We constructed a primer containing a T7 transcription site as well as a gRNA sequence (see supplemental table of primers). We used the plasmid pSpCas9(BB)-2A-Puro as a template for PCR to create a product with a T7 transcriptional start site, gRNA sequence, and gRNA scaffold. In vitro transcription was performed with a MEGAshortscript T7 Transcription kit (Invitrogen) per the manufacturer’s protocol. RNA was isolated using a phenol chloroform extraction and diluted in water to 1μg/μl. The RNA was then stored in aliquots at −80°C. To test the functionality of the RNP we performed an in vitro digestion with 200 ng target DNA, 100 ng gRNA, 1μl BSA (1 mg/ml, NEB), 1μl NEB buffer 3, .25–1 μg Cas9, and water assembled into a 10 μl reaction. This mixture was incubated at 37°C for 1 hour followed by a 10-minute incubation at 65°C. Digestion products were separated on a .75% agarose gel.

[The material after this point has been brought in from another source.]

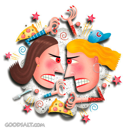fight, pizza, women, anger, mean, angry, wrestle, disagree

2.8 Hydrogen peroxide challenge

KEAP1-targeted and parental HeLa cells were cultured in a 96-well plate and exposed to increasing concentrations of H2O2 (0–250 μM) for 24 hours. Following exposure, cell viability was measured using an 3-[4,5-dimethylthiazol-2-yl]-2,5 diphenyltetrazolium bromide (MTT) using previously described methods(van de Loosdrecht et al, 1994).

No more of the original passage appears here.